The data >>
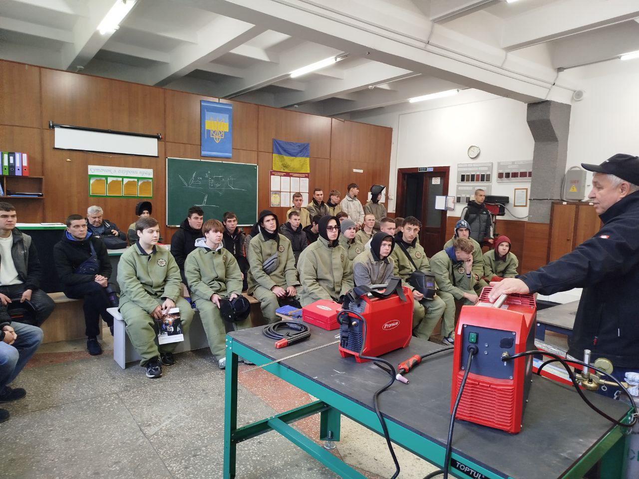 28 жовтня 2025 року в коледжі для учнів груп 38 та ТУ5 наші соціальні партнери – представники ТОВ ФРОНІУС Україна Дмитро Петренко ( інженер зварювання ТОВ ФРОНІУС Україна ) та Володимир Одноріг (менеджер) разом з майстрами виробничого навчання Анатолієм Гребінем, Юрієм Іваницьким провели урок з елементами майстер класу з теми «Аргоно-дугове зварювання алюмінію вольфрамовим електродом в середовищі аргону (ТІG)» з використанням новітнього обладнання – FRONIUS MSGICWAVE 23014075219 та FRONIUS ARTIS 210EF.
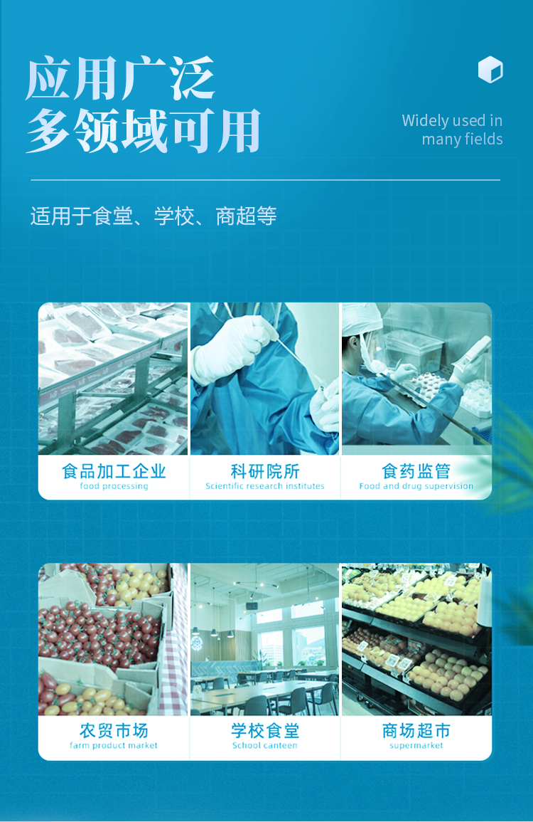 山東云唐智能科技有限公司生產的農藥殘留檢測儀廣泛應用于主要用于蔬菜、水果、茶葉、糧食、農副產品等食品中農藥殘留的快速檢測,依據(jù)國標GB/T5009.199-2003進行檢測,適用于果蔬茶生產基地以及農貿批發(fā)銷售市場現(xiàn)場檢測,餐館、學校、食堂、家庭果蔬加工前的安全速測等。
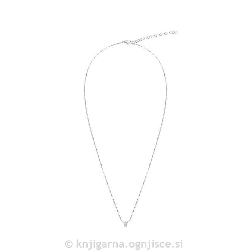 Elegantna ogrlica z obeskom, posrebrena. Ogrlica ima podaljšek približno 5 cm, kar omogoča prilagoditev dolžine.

Assignment >> What's needed is every line above, retyped exactly and free of pictures.

Task response >>
 28 жовтня 2025 року в коледжі для учнів груп 38 та ТУ5 наші соціальні партнери – представники ТОВ ФРОНІУС Україна Дмитро Петренко ( інженер зварювання ТОВ ФРОНІУС Україна ) та Володимир Одноріг (менеджер) разом з майстрами виробничого навчання Анатолієм Гребінем, Юрієм Іваницьким провели урок з елементами майстер класу з теми «Аргоно-дугове зварювання алюмінію вольфрамовим електродом в середовищі аргону (ТІG)» з використанням новітнього обладнання – FRONIUS MSGICWAVE 23014075219 та FRONIUS ARTIS 210EF.
 山東云唐智能科技有限公司生產的農藥殘留檢測儀廣泛應用于主要用于蔬菜、水果、茶葉、糧食、農副產品等食品中農藥殘留的快速檢測,依據(jù)國標GB/T5009.199-2003進行檢測,適用于果蔬茶生產基地以及農貿批發(fā)銷售市場現(xiàn)場檢測,餐館、學校、食堂、家庭果蔬加工前的安全速測等。
 Elegantna ogrlica z obeskom, posrebrena. Ogrlica ima podaljšek približno 5 cm, kar omogoča prilagoditev dolžine.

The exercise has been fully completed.